We hold variable interests in VIEs that have not been consolidated because we are not considered the primary beneficiary. Information on our significant VIEs follows:

Freeport LNG Development, L.P. (Freeport LNG)

We have an agreement with Freeport LNG to participate in a liquefied natural gas (LNG) receiving terminal in Quintana, Texas. We have no ownership in Freeport LNG; however, we own a 50 percent interest in Freeport LNG GP, Inc. (Freeport GP), which serves as the general partner managing the venture. We entered into a credit agreement with Freeport LNG, whereby we agreed to provide loan financing for the construction of the terminal. We also entered into a long-term agreement with Freeport LNG to use 0.9 billion cubic feet per day of regasification capacity. The terminal became operational in June 2008, and we began making payments under the terminal use agreement. Freeport LNG began making loan repayments in September 2008, and the loan balance outstanding was $565 million at December 31, 2012. Freeport LNG is a VIE because Freeport GP holds no equity in Freeport LNG, and the limited partners of Freeport LNG do not have any substantive decision making ability. Since we do not have the unilateral power to direct the key activities which most significantly impact its economic performance, we are not the primary beneficiary of Freeport LNG. These key activities primarily involve or relate to operating and maintaining the terminal. We also performed an analysis of the expected losses and determined we are not the primary beneficiary. This expected loss analysis took into account that the credit support arrangement requires Freeport LNG to maintain sufficient commercial insurance to mitigate any loan losses. The loan to Freeport LNG is accounted for as a financial asset, and our investment in Freeport GP is accounted for as an equity investment.

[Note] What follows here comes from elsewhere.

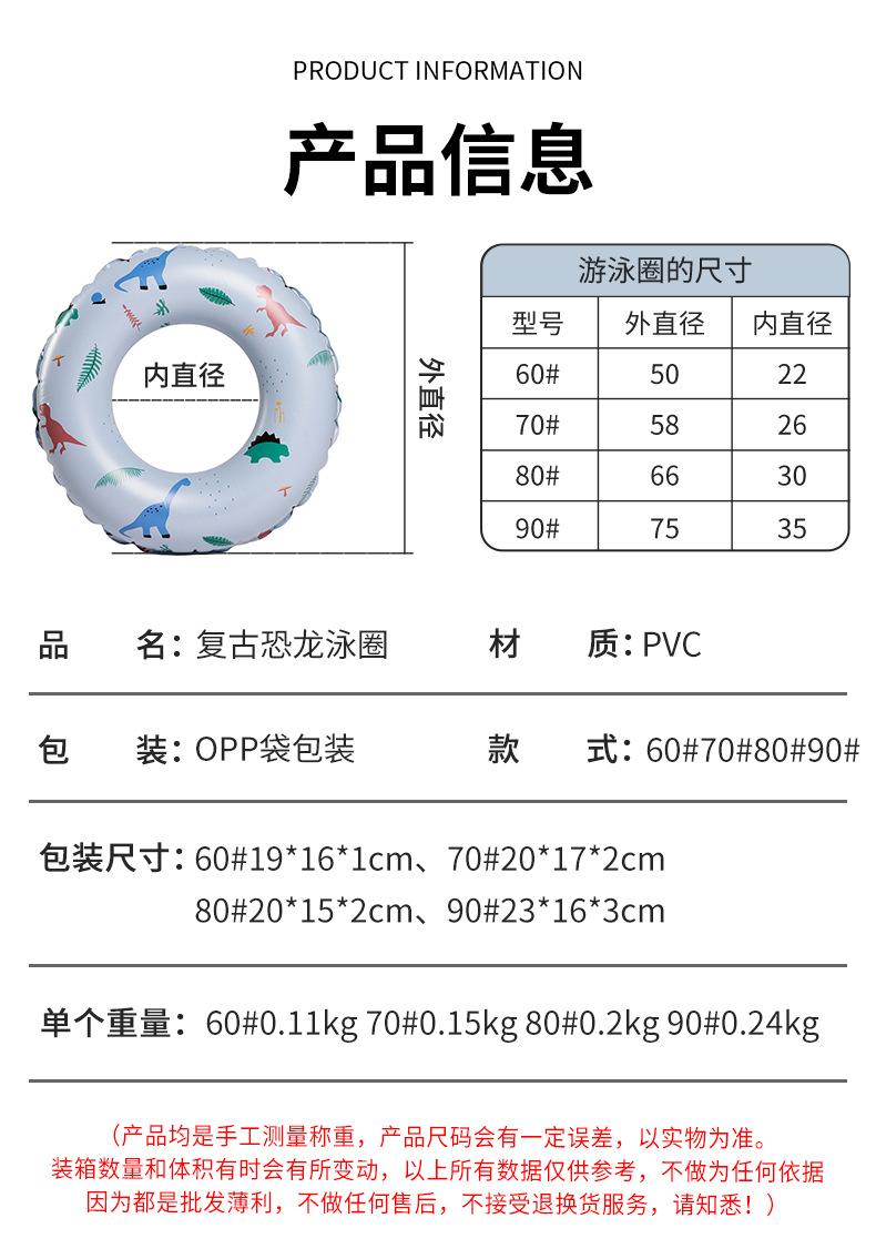 60# retro dinosaur swimming ring, 70# retro dinosaur swimming ring, 80# retro dinosaur swimming ring, 90# retr...

Australia Pacific LNG (APLNG)

APLNG is considered a VIE, as it has entered into certain contractual arrangements that provide it with additional forms of subordinated financial support. We are not the primary beneficiary of APLNG because we share with Origin Energy and China Petrochemical Corporation (Sinopec) the power to direct the key activities of APLNG that most significantly impact its economic performance, which involve activities related to the production and commercialization of coalbed methane, as well as LNG processing and export marketing. As a result, we do not consolidate APLNG, and it is accounted for as an equity method investment.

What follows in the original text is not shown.